Recorded data —

******************************

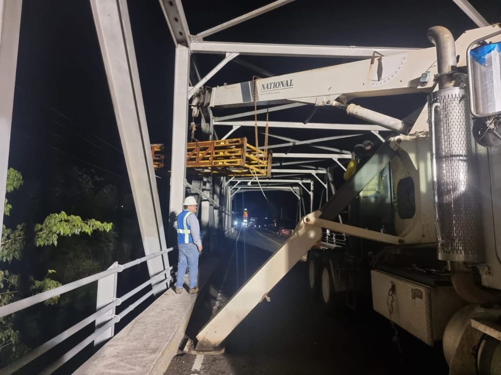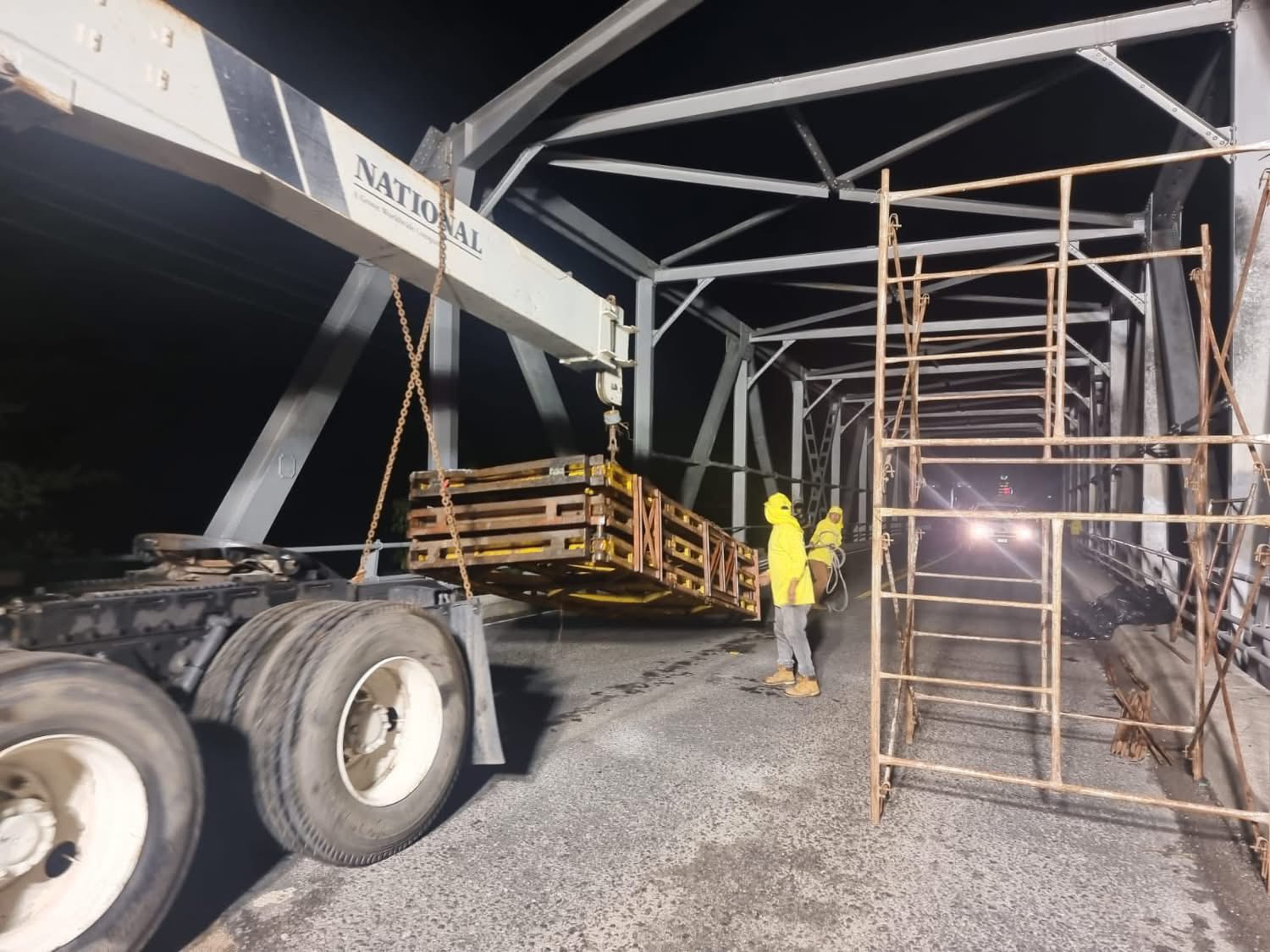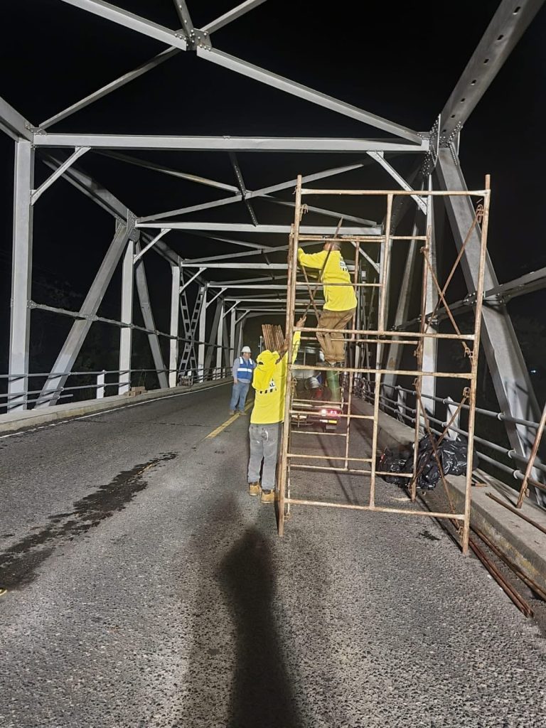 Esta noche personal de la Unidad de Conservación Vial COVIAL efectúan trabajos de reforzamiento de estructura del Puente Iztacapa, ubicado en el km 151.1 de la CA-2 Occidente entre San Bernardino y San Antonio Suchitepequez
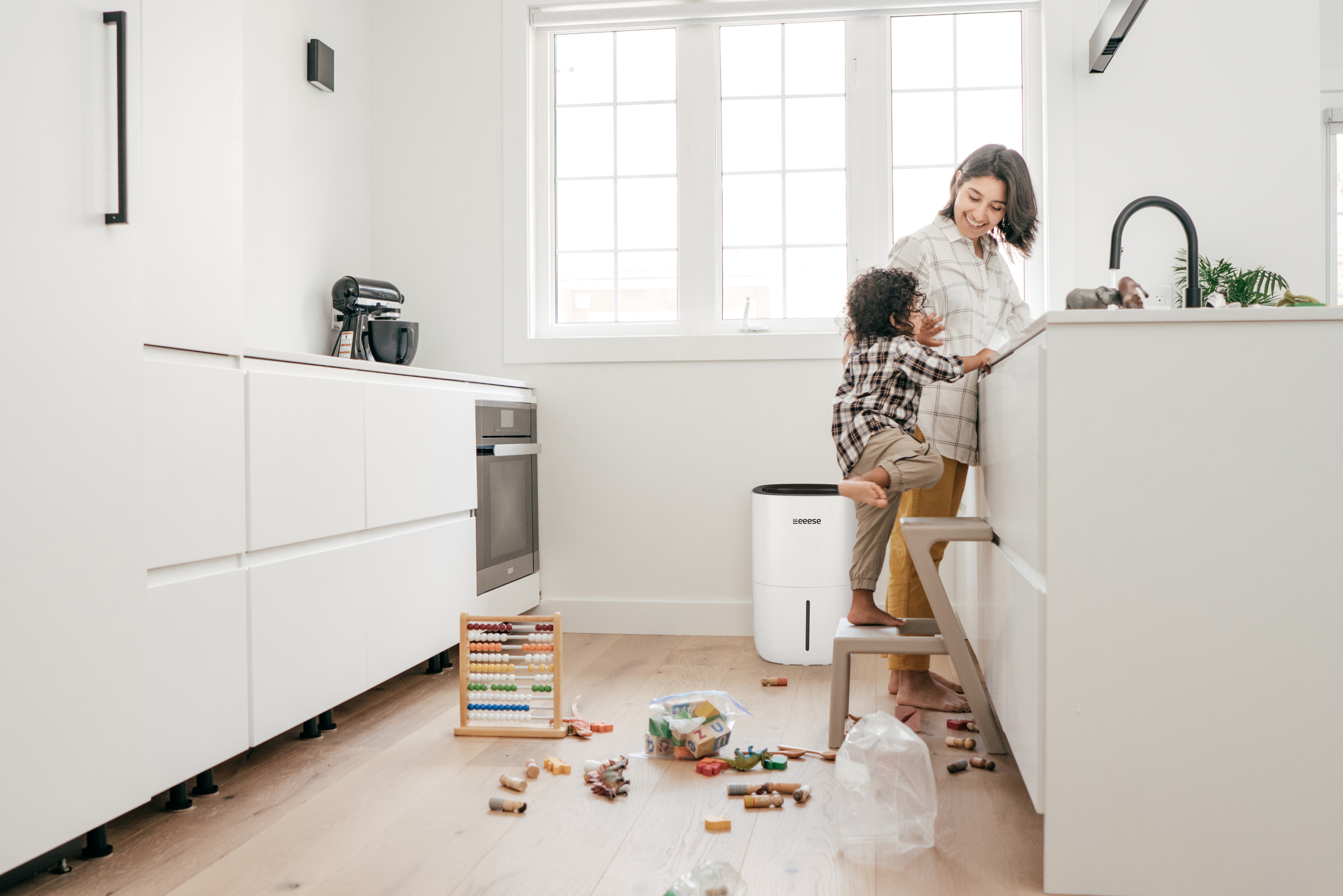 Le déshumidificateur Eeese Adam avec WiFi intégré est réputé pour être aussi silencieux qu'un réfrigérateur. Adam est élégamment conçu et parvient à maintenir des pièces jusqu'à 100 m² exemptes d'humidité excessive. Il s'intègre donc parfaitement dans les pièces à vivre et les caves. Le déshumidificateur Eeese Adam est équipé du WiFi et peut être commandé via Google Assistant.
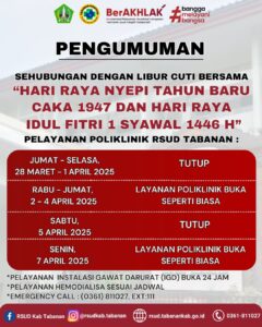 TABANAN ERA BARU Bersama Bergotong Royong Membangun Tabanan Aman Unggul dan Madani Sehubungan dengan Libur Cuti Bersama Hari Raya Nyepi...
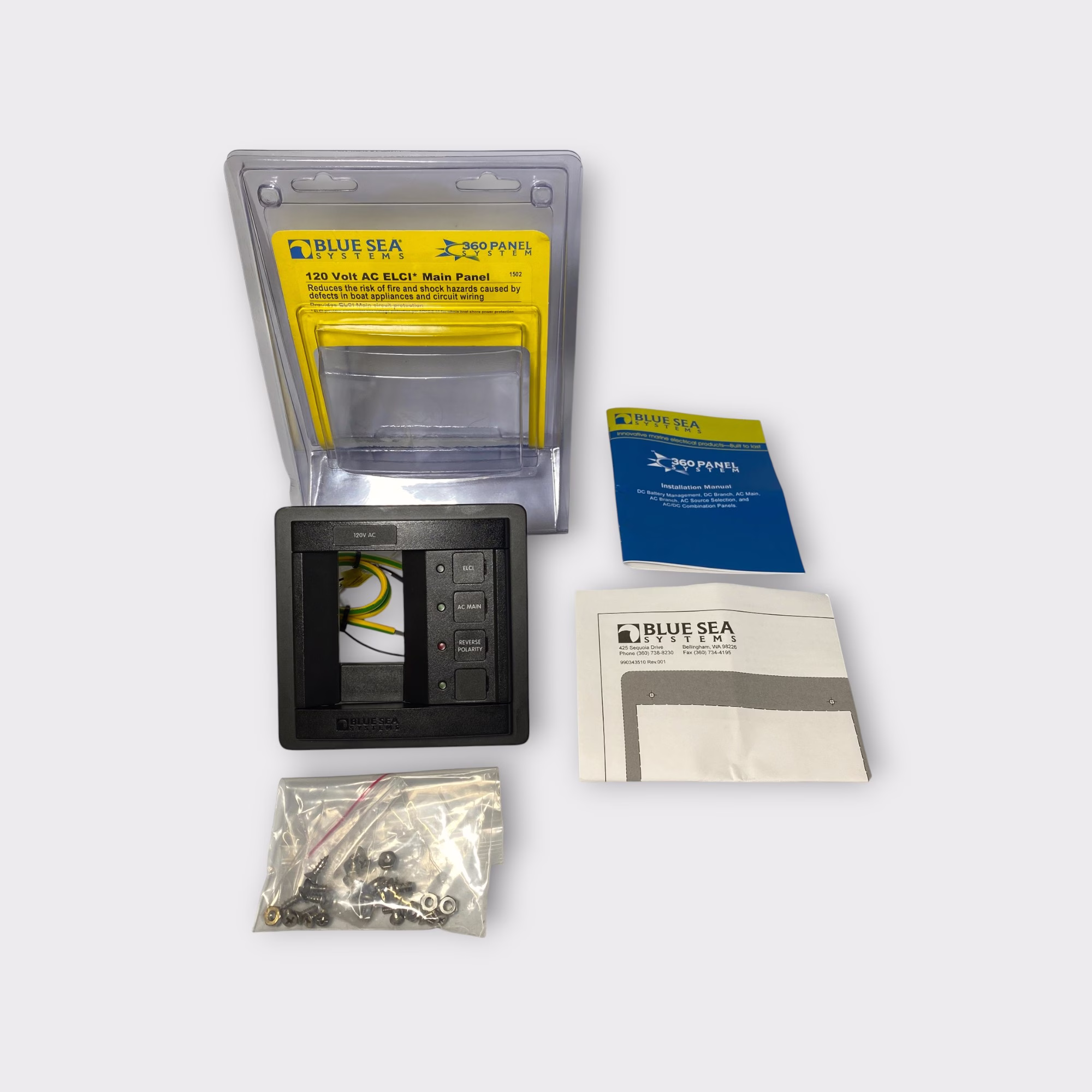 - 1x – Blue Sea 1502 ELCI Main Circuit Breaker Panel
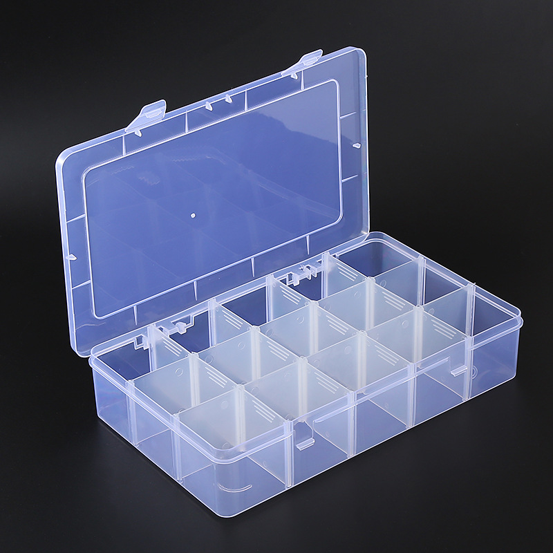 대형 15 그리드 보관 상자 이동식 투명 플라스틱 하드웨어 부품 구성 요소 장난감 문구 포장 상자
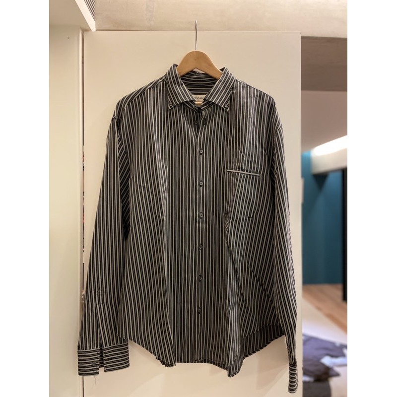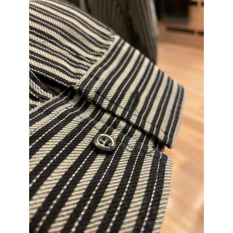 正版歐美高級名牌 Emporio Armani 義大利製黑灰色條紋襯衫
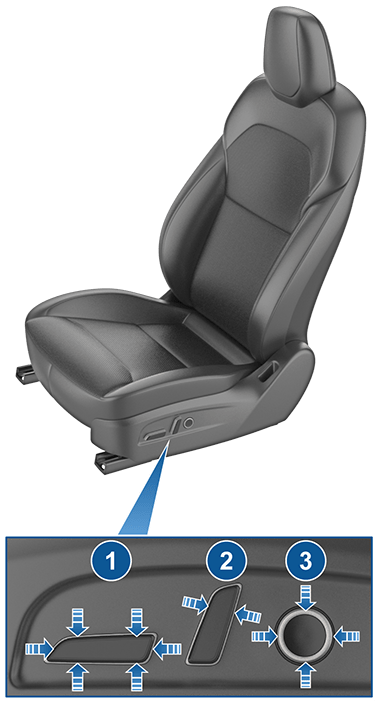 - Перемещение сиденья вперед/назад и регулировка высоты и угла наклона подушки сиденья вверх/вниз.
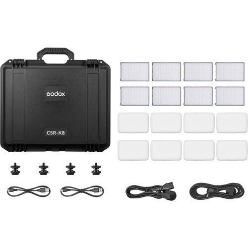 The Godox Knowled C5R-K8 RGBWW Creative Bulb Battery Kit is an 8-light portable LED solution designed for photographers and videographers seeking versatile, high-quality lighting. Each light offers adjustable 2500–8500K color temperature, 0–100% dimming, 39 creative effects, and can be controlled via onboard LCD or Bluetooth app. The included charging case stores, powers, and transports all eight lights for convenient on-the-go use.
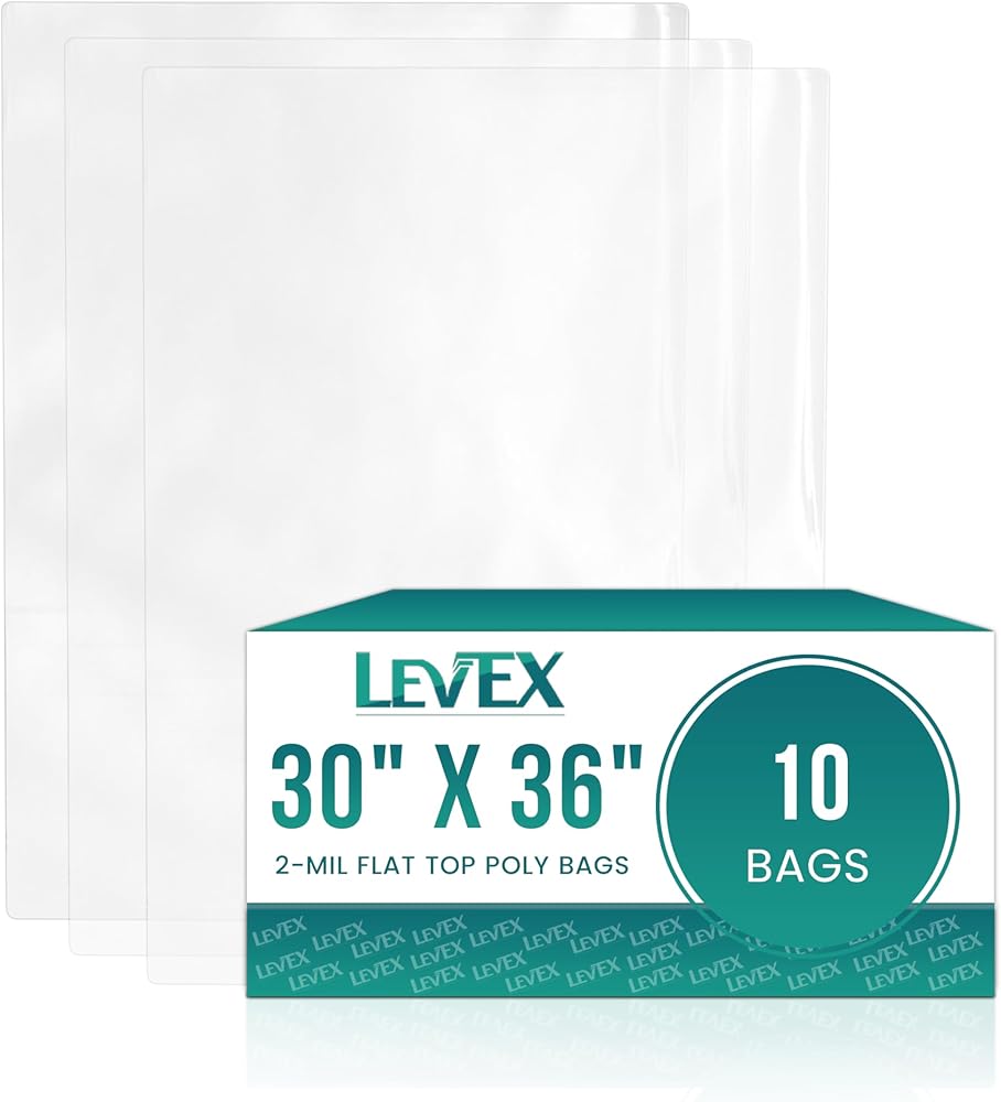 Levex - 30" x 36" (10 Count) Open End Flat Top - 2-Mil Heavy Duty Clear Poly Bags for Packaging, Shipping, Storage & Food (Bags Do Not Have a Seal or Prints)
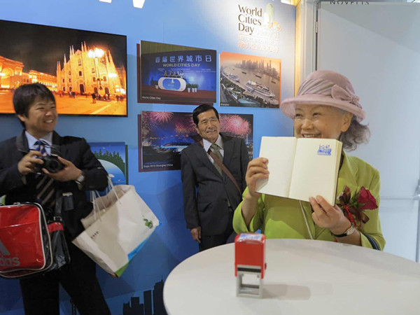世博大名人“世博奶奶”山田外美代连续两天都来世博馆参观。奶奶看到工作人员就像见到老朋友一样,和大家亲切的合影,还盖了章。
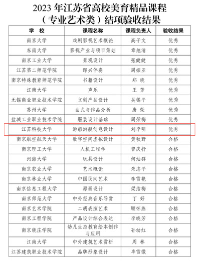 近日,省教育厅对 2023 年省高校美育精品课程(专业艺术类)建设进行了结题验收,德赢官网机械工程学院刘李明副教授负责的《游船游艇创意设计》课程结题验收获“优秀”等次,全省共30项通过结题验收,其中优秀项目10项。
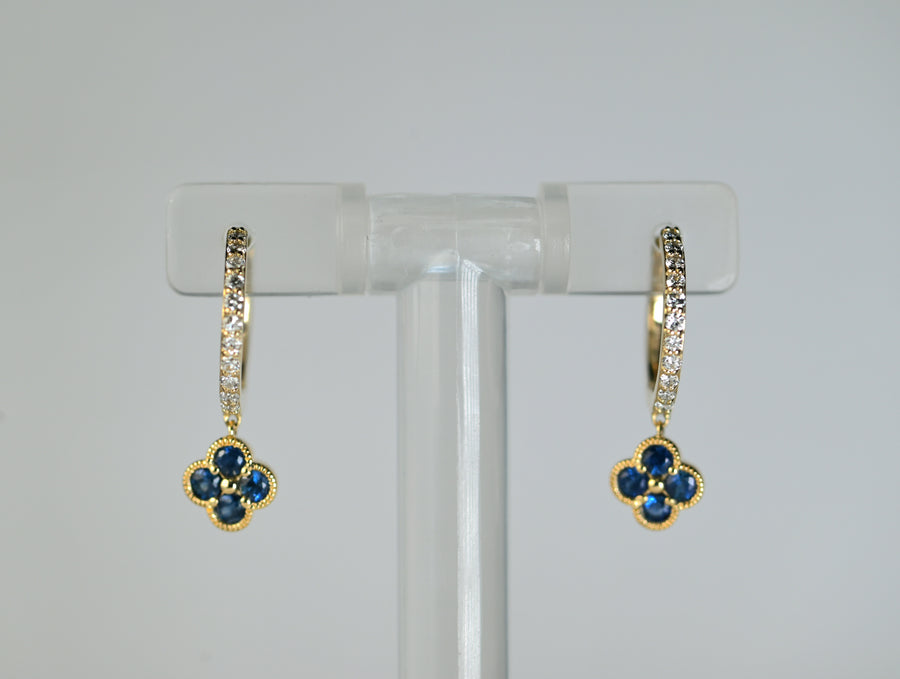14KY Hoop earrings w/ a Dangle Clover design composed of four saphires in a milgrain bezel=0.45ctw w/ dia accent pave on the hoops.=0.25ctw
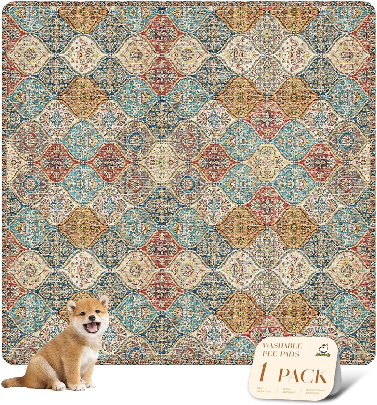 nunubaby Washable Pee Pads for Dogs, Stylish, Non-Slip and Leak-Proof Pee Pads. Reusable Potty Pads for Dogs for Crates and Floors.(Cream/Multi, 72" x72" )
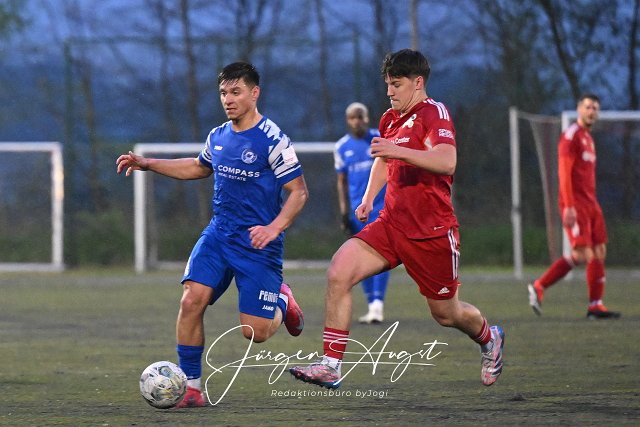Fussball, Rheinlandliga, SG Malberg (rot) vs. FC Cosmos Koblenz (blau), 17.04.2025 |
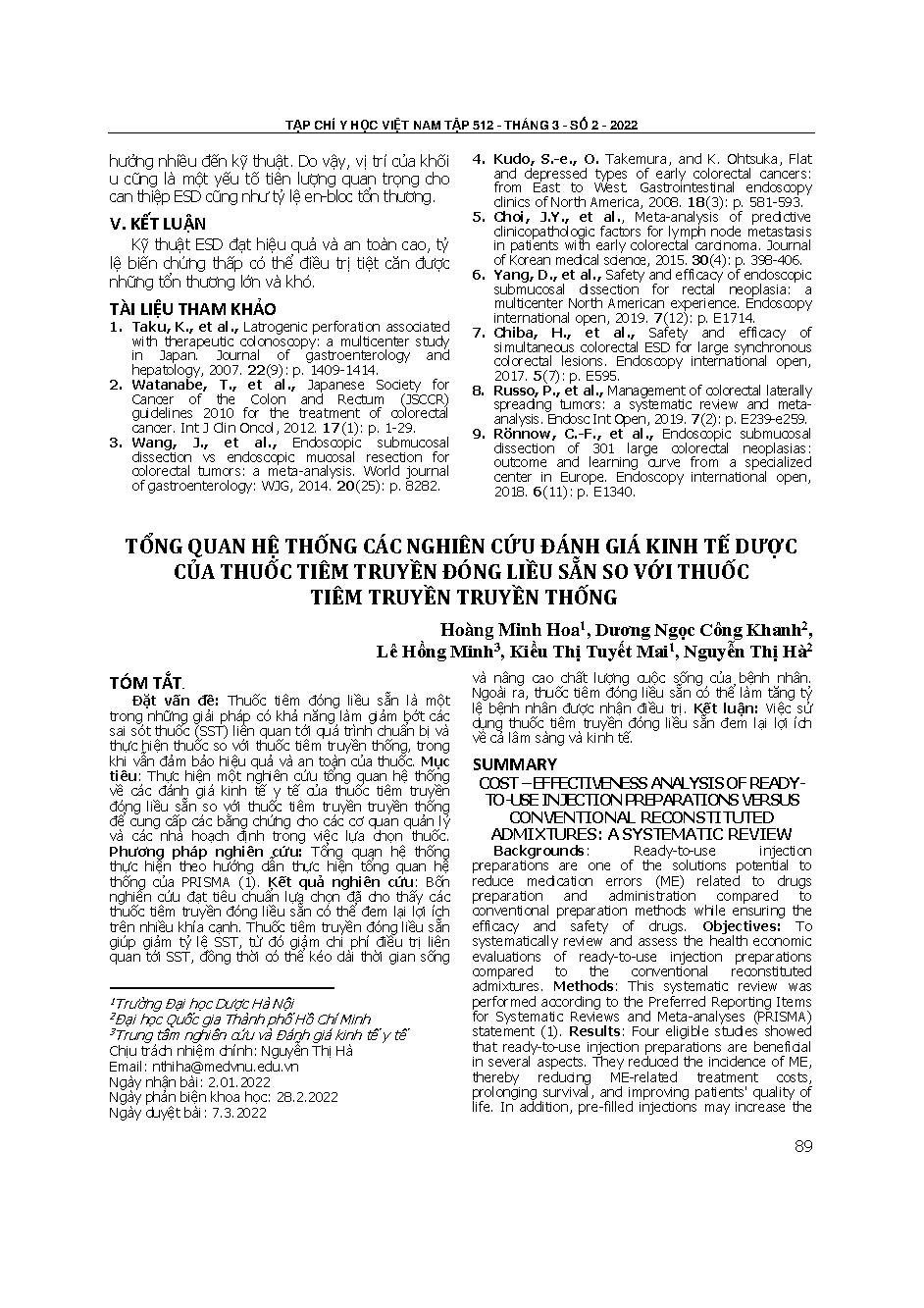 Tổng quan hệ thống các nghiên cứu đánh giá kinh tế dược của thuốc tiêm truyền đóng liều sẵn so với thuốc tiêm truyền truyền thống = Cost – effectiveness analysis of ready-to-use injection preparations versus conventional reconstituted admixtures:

******************************

PROBLEM —
Copy exactly the lines from the line that has "Fussball, Rheinlandliga, SG" through the last line of the entries above, inclusive, and no others. Pictures do not go in the copy.

COMPLETED EXERCISE —
Fussball, Rheinlandliga, SG Malberg (rot) vs. FC Cosmos Koblenz (blau), 17.04.2025 |
 Tổng quan hệ thống các nghiên cứu đánh giá kinh tế dược của thuốc tiêm truyền đóng liều sẵn so với thuốc tiêm truyền truyền thống = Cost – effectiveness analysis of ready-to-use injection preparations versus conventional reconstituted admixtures:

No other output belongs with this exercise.